**Aim of the task:** Print only the lines below from the one with "Do flightu 1A" to the one with "After the glue", both included, exactly as they stand. Leave pictures out.

**Supplied data:**
-------------------------
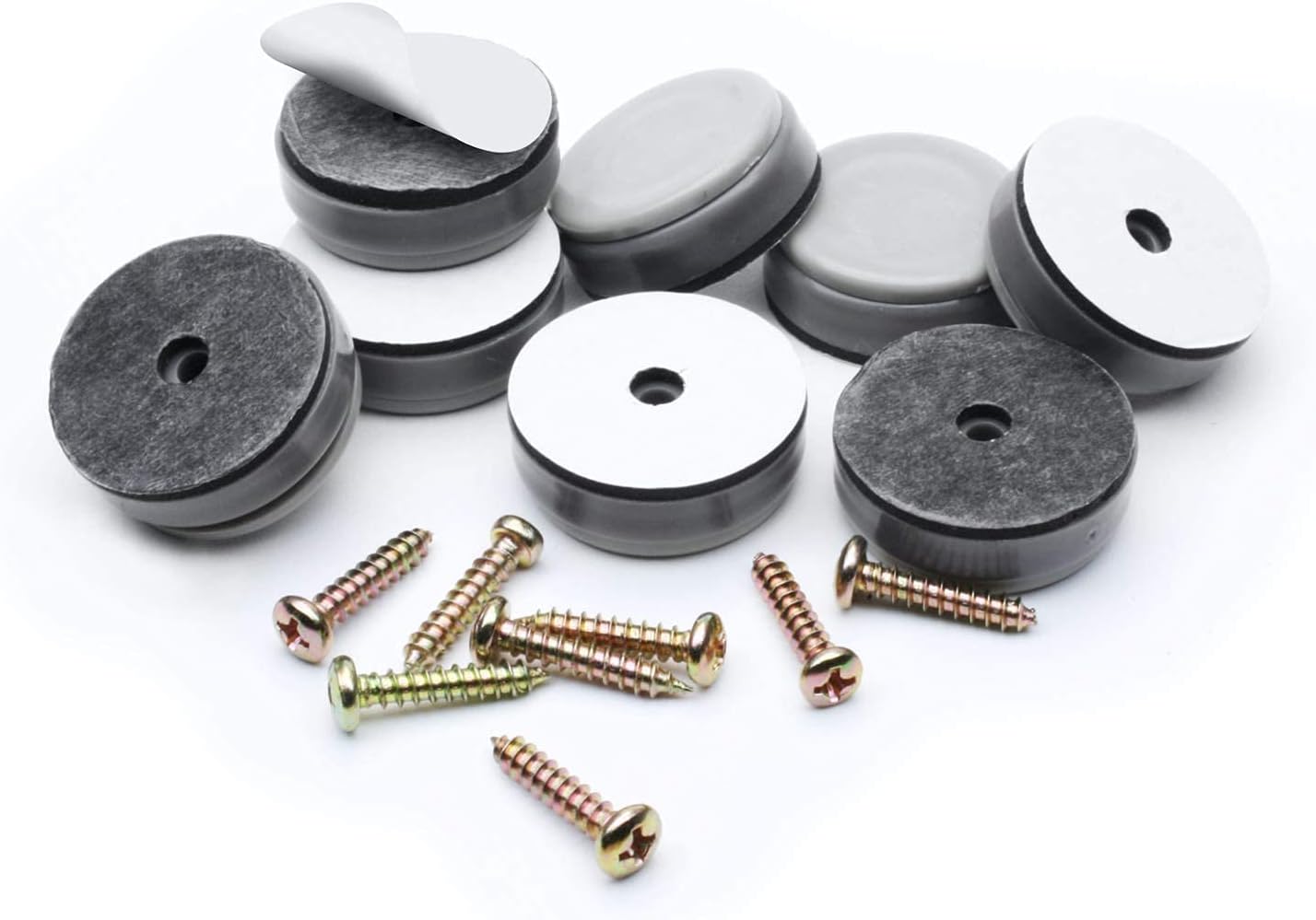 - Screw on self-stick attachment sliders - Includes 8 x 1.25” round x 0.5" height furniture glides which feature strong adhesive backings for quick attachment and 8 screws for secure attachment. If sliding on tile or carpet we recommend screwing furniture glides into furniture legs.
-------------------------
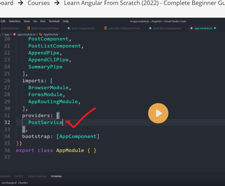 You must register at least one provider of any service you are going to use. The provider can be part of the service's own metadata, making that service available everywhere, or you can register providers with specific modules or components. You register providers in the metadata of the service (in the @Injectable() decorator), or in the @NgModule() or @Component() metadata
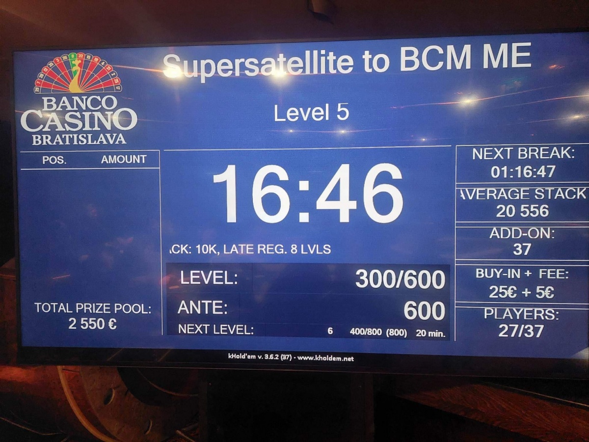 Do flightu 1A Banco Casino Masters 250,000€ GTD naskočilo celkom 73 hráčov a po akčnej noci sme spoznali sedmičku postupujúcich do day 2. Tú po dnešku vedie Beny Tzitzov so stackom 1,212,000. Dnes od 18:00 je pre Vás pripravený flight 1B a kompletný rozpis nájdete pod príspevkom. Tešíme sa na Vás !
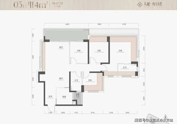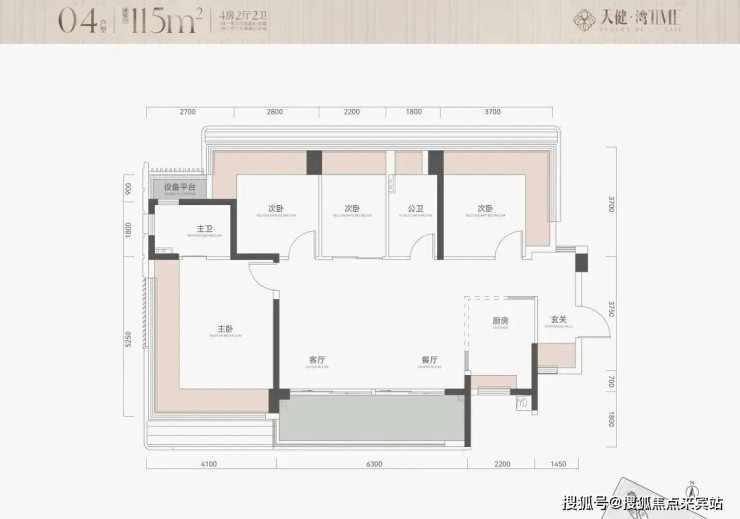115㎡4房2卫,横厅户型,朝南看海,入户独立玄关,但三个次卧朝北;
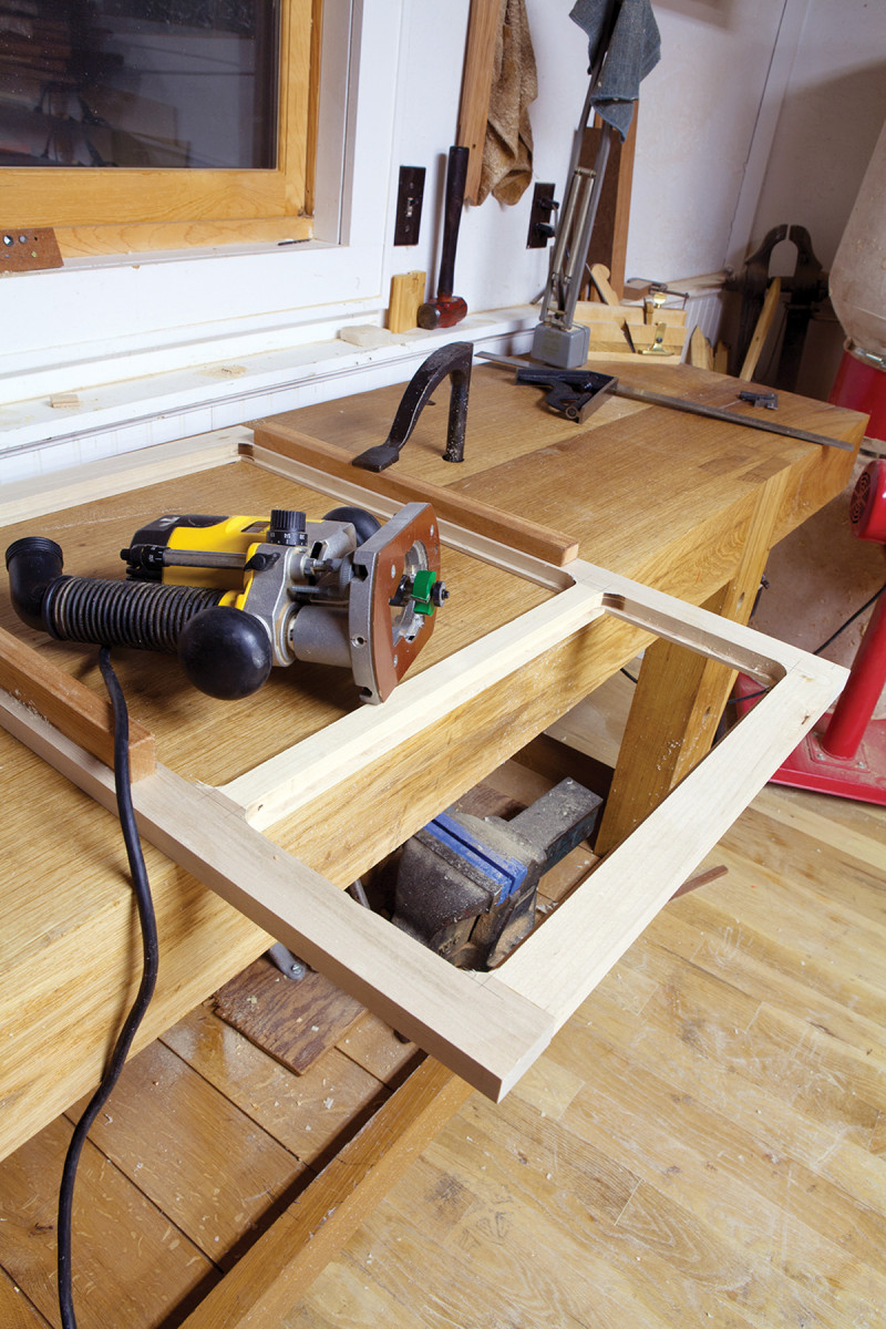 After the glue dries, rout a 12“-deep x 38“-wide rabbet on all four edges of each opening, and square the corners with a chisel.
-------------------------
**Written response:**
 Do flightu 1A Banco Casino Masters 250,000€ GTD naskočilo celkom 73 hráčov a po akčnej noci sme spoznali sedmičku postupujúcich do day 2. Tú po dnešku vedie Beny Tzitzov so stackom 1,212,000. Dnes od 18:00 je pre Vás pripravený flight 1B a kompletný rozpis nájdete pod príspevkom. Tešíme sa na Vás !
115㎡4房2卫,横厅户型,朝南看海,入户独立玄关,但三个次卧朝北;
 After the glue dries, rout a 12“-deep x 38“-wide rabbet on all four edges of each opening, and square the corners with a chisel.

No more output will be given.